Todos los demás héroes griegos que combatieron en la guerra de Troya habían regresado
ya a sus hogares, tan sólo Ulises, rey de Ítaca, seguía ausente, retenido por la ninfa
Calipso en su alejada y solitaria isla. Penélope, la esposa de Ulises, había aguardado en
Ítaca durante veinte años manteniendo vivo su recuerdo y la esperanza de su retorno.
Pero día tras día se tenía que enfrentar a la presencia de unos pretendientes que acudían
a palacio acosándola para que eligiera un nuevo marido. Durante mucho tiempo los
engañó con un ingenioso ardid: alegaba que debía tejer un sudario para su suegro antes
de contraer nuevas nupcias, durante el día tejía y por la noche destejía casi toda la labor
diaria. Así ganaba tiempo para seguir esperando el retorno de Ulises. Hasta que una
criada desleal la delató y el enojo de los pretendientes se convirtió e
soberbia. Estos se complacían ahora jugando ociosos a los dados delante de las puertas
de palacio, sentados sobre pieles de bueyes que ellos mismos habían sacrificado de entre
el ganado. Sus sirvientes se afanaban en prepararles vino y comida consumiendo los
bienes de la casa real.
Telémaco, el hijo de Ulises y Penélope, que no había llegado a conocer a su padre,
contemplaba impotente la osadía de los pretendientes que se burlaban de sus amenazas
juveniles.
ISLA DE CALIPSO
Mientras tanto, en el otro extremo del mar, Hermes, el mensajero de los dioses, se
dirigía a la isla de Calipso para transmitirle el deseo de Zeus de que dejara partir a Ulises.
Difícil sería hallar otro lugar de cautiverio más agradable. El rey de Ítaca se encontraba en
los altos acantilados donde, desde hacía siete años, pasaba el tiempo mirando el mar
añorando las colinas de su patria y esperando ver un barco en el horizonte. Nadie se había
adentrado nunca en aquellos parajes tan alejados del mundo de los hombres.

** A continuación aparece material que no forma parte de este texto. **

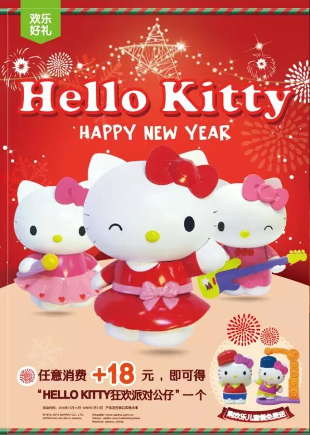 任意消费+18元,即可得“Hello Kitty狂欢派对公仔”一个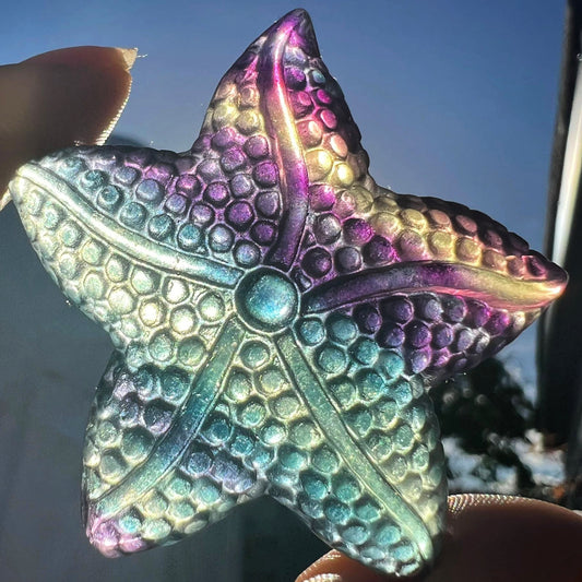 Hand Carved Rainbow Fluorite Starfish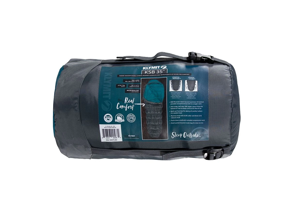 Een lichtgewicht, veelzijdige slaapzak met veel ruimte voor comfort tijdens koelere nachten. De KSB 35 heeft een vulling van 650 dons aan de bovenkant en een synthetische vulling aan de onderkant, voor een uitzonderlijke warmte-/gewichtsverhouding. Deze slaapzak heeft Length Closures™ waarmee u de slaapzak kunt inkorten en een tweewegrits waarmee u het voetengedeelte kunt openen voor ventilatie. Als u de rits helemaal opent, verandert de zak in een royale deken.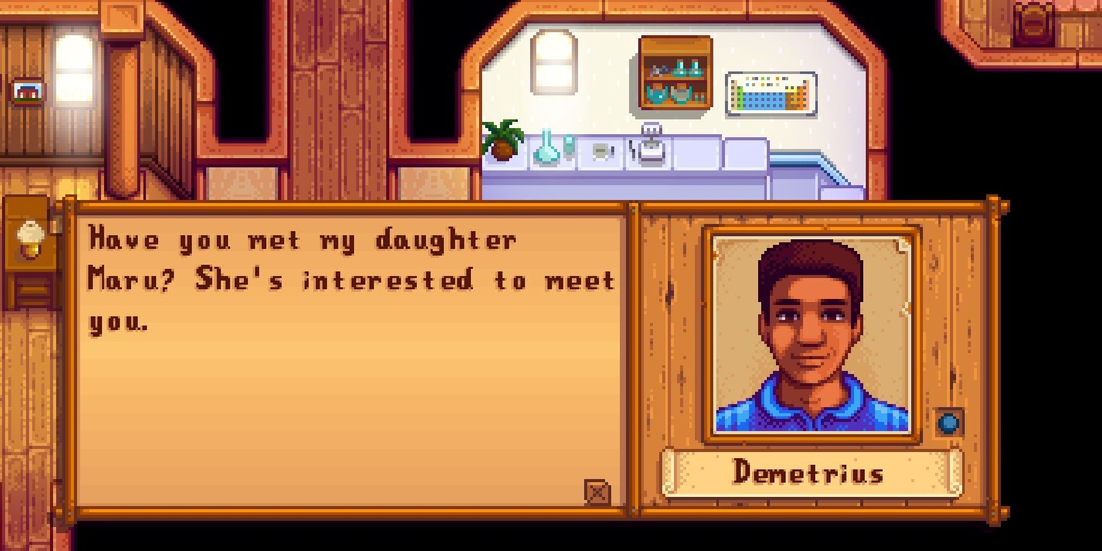 Меня в основном интересует Деметрий, чтобы Робин мог перейти к кому-то, кто ему больше подходит, хотя у Деметрия определенно есть привлекательные качества. Я восхищаюсь его интересом к странному зеленому дождю, и он всегда рад помочь вам продвинуть Общественный центр, отремонтировав пещеру на вашей ферме – чего Клинт никогда бы не сделал.

Calipso recibió a Hermes con cortesía y aunque tuvo que aceptar la resolución de Zeus se
irritó contra los dioses del Olimpo y le reprochó al mensajero que ellos, celosos y crueles,
no le permitieran quedarse con el hombre al que amaba. Pero Ulises no le correspondía.

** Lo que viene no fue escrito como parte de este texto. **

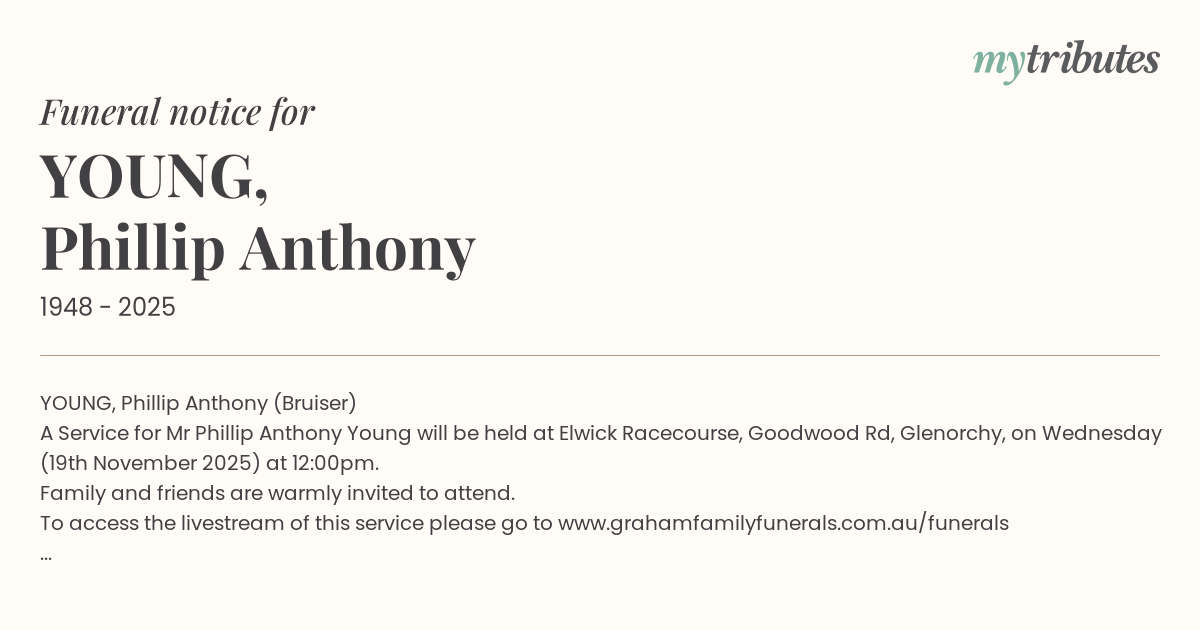 A Service for Mr Phillip Anthony Young will be held at Elwick Racecourse, Goodwood Rd, Glenorchy, on Wednesday (19th November 2025) at 12:00pm.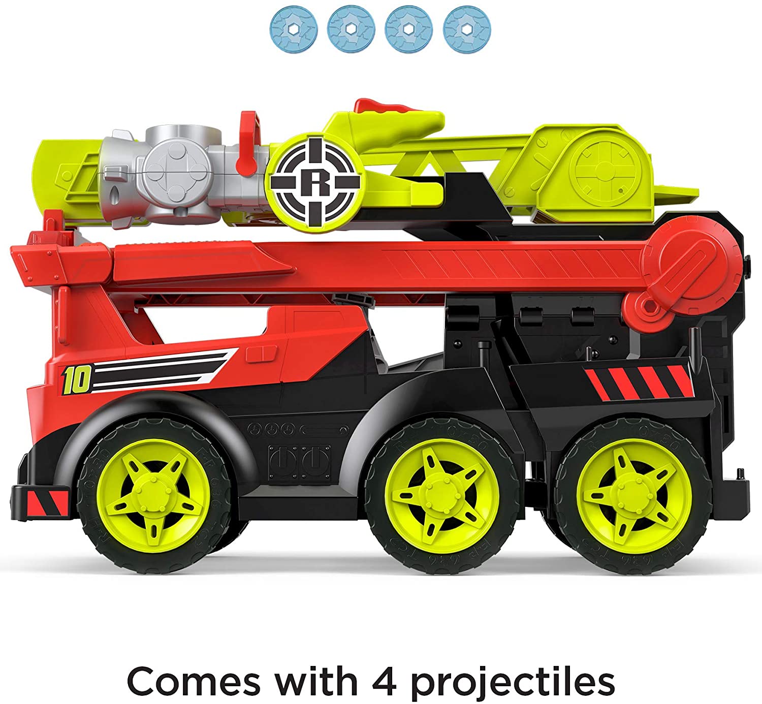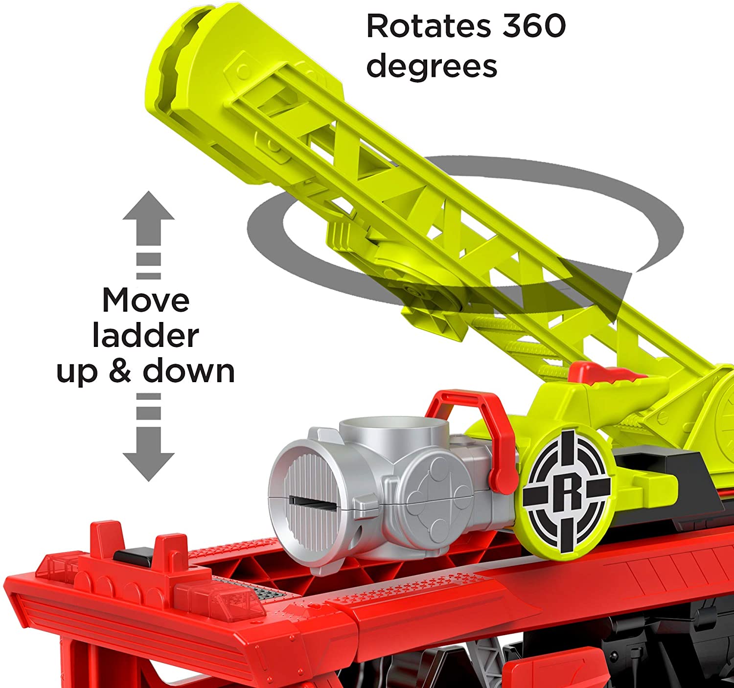 When a giant blaze breaks out, the Rescue Heroes team races into action with their fully loaded Fire Truck. Uh-oh, those flames are getting out of control! Pull the handle on the truck to transform it from a vehicle to a large, fire-fighting machine with emergency lights and alarm sounds. Use the ladder and claw to help remove debris, and pull the lever on the water cannon to launch projectiles and douse the flames! When everyone is safe and the situation is under control, the Transforming Fire Truck can be manually reset to vehicle mode, so the team can head out. Mission accomplished! (Rescue Heroes figures sold separately.)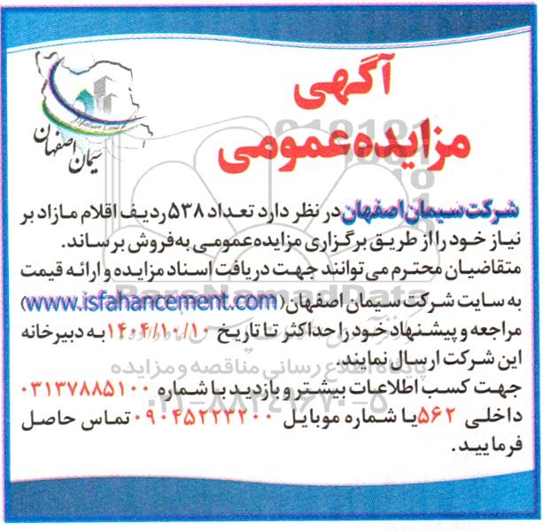 شرکت سیمان اصفهان در نظر دارد تعداد 538 ردیف اقلام مازاد بر نیاز خود را از طریق برگزاری مزایده عمومی به فروش برساند.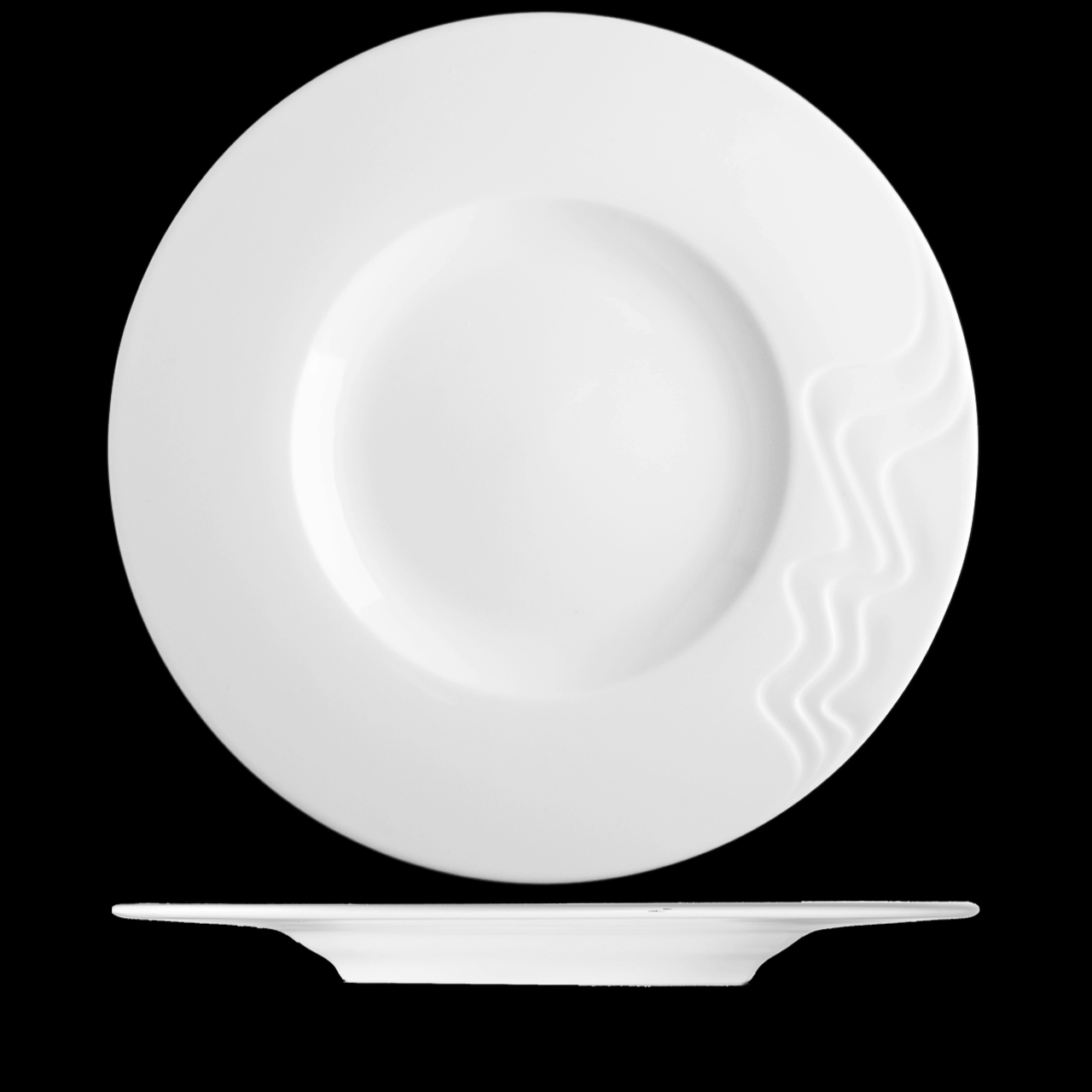 Mělký talíř s širokým praporem o průměru 33 cm.

Ella, con afectuosos cuidados, atendía todas sus necesidades e incluso le había ofrecido el
don de la inmortalidad que él rechazó prefiriendo sufrir y gozar la vida como hombre
mortal. Perduraba en él el recuerdo imborrable de su esposa y de su patria. La ninfa
Calipso, de hermosas trenzas, con un largo suspiro dolorido anunció a Ulises que podía
irse si así lo deseaba. La propia ninfa, resignada, le facilitó las herramientas y el material
para construir una balsa y le orientó en el rumbo que debía seguir.
2
LA TORMENTA
Navegó durante diecisiete días sin ver tierra ni nave alguna. Y cuando ya le pareció
vislumbrar un mundo que le era familiar, el dios Posidón, encolerizado, desencadenó una
espantosa tormenta. Con su tridente removió el océano y desató una multitud de vientos
huracanados que zarandearon la nave de Ulises como una cáscara de nuez. Luego, una
violenta ráfaga de viento quebró el mástil y la vela desapareció en el mar. Instantes
después Ulises cayó por la borda, sin poder sujetar con las manos el remo que le servía
de timón. La violencia de las olas lo hundía cada vez más, y quedaba sumergido largo rato
sin fuerzas para volver a la superficie, abrumado por el empuje del mar y el peso de sus
ropas. Pero luchaba hasta volver a flote, respirar con ansia y escupir el amargo licor de
las olas.
Ulises tuvo que nadar durante días entre el rápido viento del norte que enviaba
Atenea, para que le llevara en buena dirección hacia la costa. Una vez allí, siguiendo un
trecho la orilla del río, buscó refugio y descansó entre las hojas secas junto a unos olivos.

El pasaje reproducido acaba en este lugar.